◆ **TASK DETAILS**
Please write out the lines of the data exactly, beginning with the first and ending with the line containing "东南网11月16日讯(本网记者 陈巧玲 通讯员"; leave the pictures behind.

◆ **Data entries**
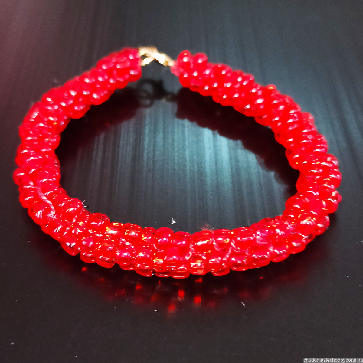 Шикарный плетенный браслет-жгут из стеклянного бисера насыщенно алого цвета, переливающего на свету и притягивающий. как магнит. внимание.
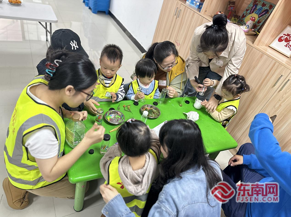 东南网11月16日讯(本网记者 陈巧玲 通讯员 杨晓颖)为普及科学早教理念,丰富社区婴幼儿家庭的文化生活,11月16日上午,南街街道柳河社区携手托育机构开展“探索感官瓶”亲子早教活动。本次活动旨在通过亲手制作和观察感官瓶,激发婴幼儿的感官潜能,促进其认知发展,同时为家长们提供一个交流育儿经验的平台。
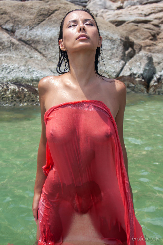 This gallery contains 16 high-quality images featuring Brunette teenie Nov Lera plays with her hair while showing her melons in the ocean. Browse this Model gallery featuring Nov Lera.
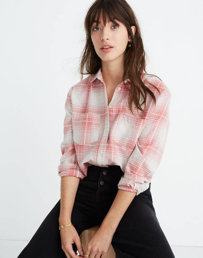 Our easy oversized button-down is back complete with hand-warming pockets. Made of irresistibly touchable flannel in pink plaid, it's the ultimate stay-cozy-all-season shirt. Slightly oversized fit.Body length: 28 1/4".Cotton/viscose.Machine wash.Import.
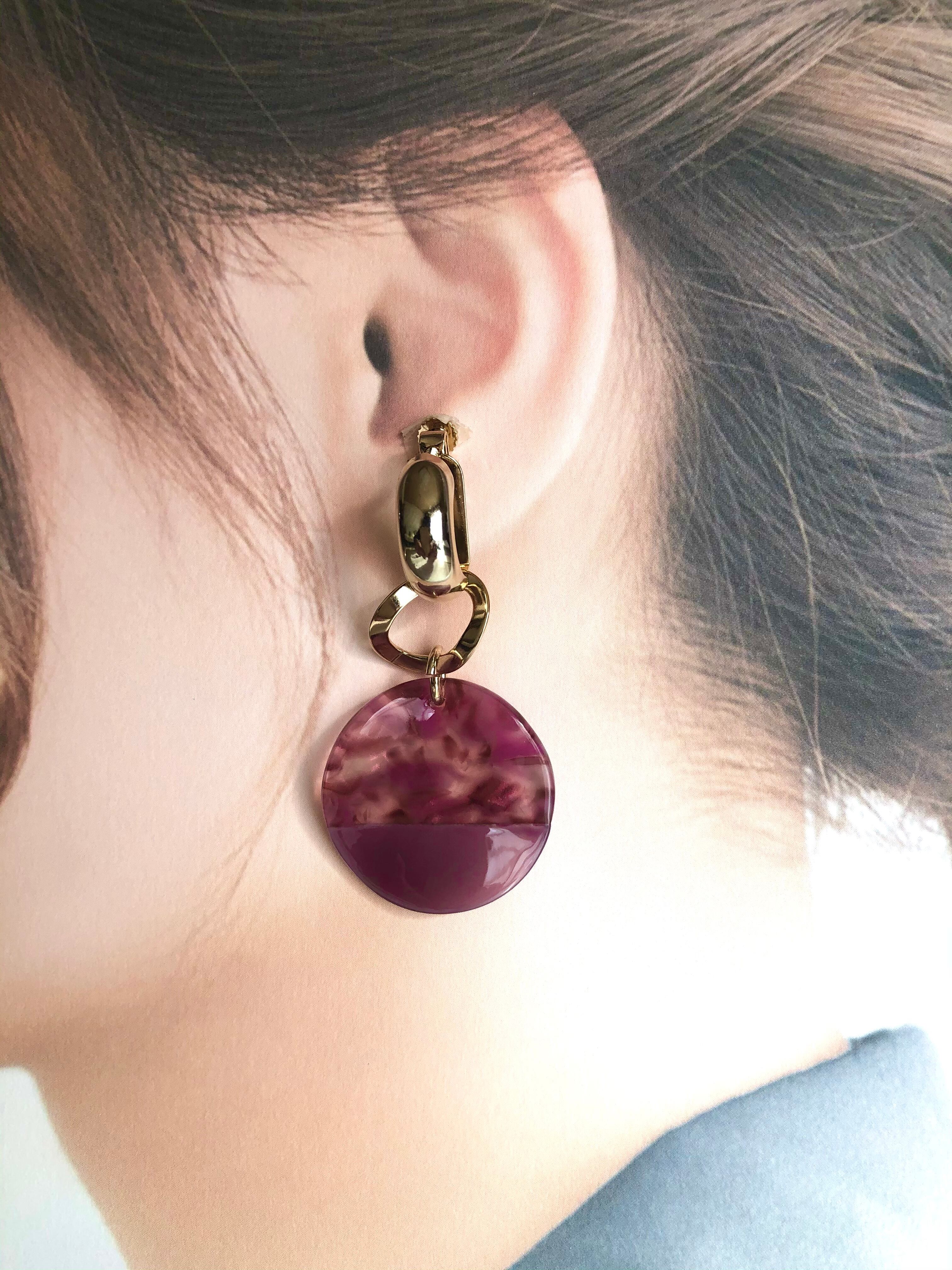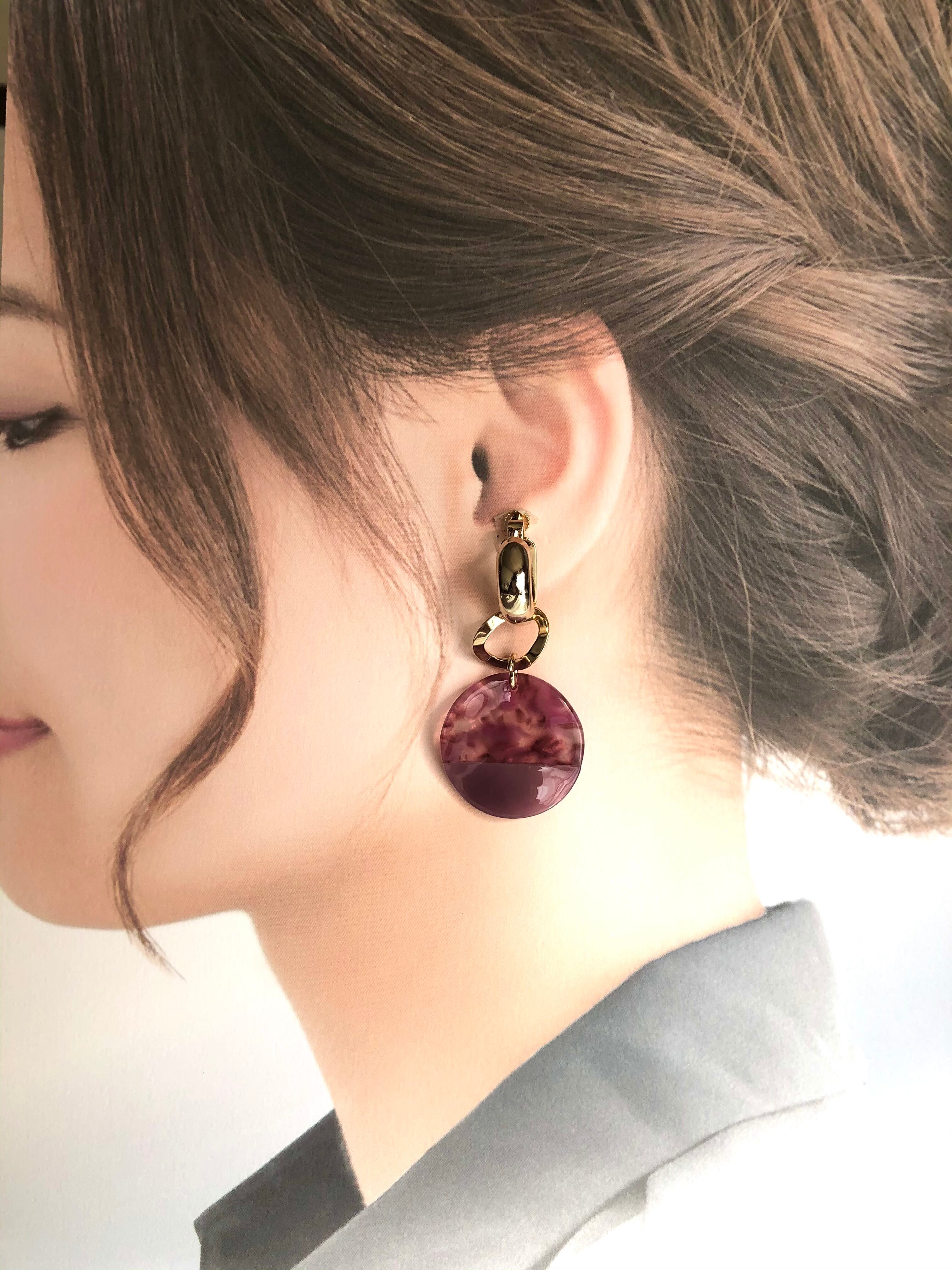 ☆ アクリルツートンプレート☆ウェブトップホール☆イヤリング☆素敵な紫色☆秋〜冬をイメージしたイヤリングです、金メッキ加工のイヤリングルこれからの季節にピッタリなイヤリング是非ご検討下さい。
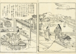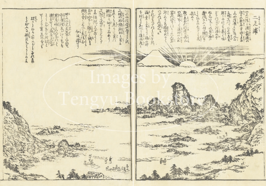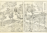 大阪の浮世絵師、蔀関月(しとみ かんげつ:1747-1797)が挿絵を手がけた本書は、京都の三条大橋から伊勢神宮までの道のりを中心に描いたもの。
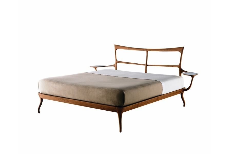 Bed T. D. L. V. from the Italian manufacturer Ceccotti. Double bed with fitted bedside tables. Model design, executed in natural wood color.
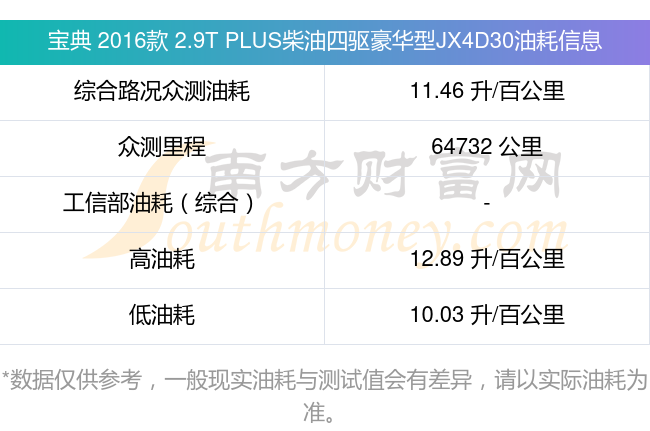 根据车主实测数据,该车型低油耗为10.03升/百公里,高油耗为12.89升/百公里,综合路况众测油耗为11.46升/百公里。
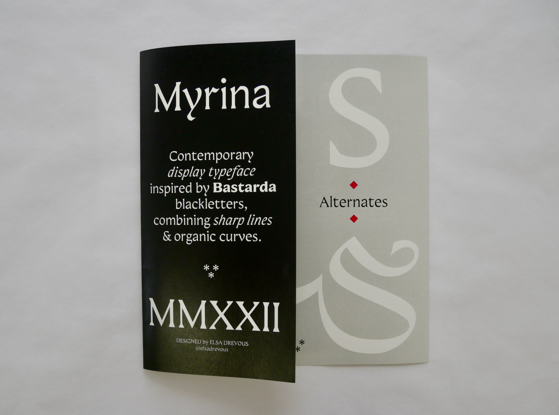 The Myrina typeface combines organic shapes and calligraphic curves, with minimalist lines and sharp angles. The structure of the letters follows a broad nib pen ductus, resulting of strong contrasts. The type family also features 26 alternates caps (from Light to Black) created with lively calligraphic shapes. These special glyphs allow the graphic designers to play with an infinite combination of letter layouts—such as accessories in the fashion industry. These alternates have been created to add a strong gothic identity, with a unique, extravagant touch.
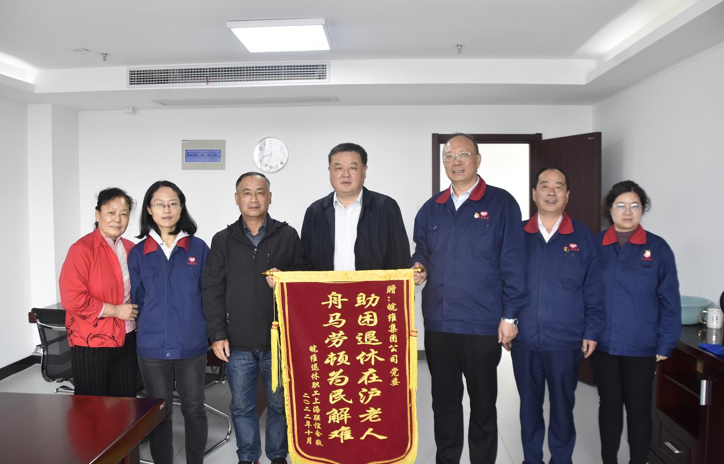 “感謝公司黨委,關(guān)心我們遠在上海的退休老職工,幫助我們解決了實際困難?!比涨埃瑑擅虾M诵堇下毠淼搅思瘓F公司黨委書記、董事長吳福勝的辦公室中,獻上一面寫有“助困退休在滬老人,舟馬勞頓為民解難”的錦旗,向公司黨委及相關(guān)部門負責人表達了真摯的感謝。

◆ **EXPECTED ANSWER**
 Шикарный плетенный браслет-жгут из стеклянного бисера насыщенно алого цвета, переливающего на свету и притягивающий. как магнит. внимание.
 东南网11月16日讯(本网记者 陈巧玲 通讯员 杨晓颖)为普及科学早教理念,丰富社区婴幼儿家庭的文化生活,11月16日上午,南街街道柳河社区携手托育机构开展“探索感官瓶”亲子早教活动。本次活动旨在通过亲手制作和观察感官瓶,激发婴幼儿的感官潜能,促进其认知发展,同时为家长们提供一个交流育儿经验的平台。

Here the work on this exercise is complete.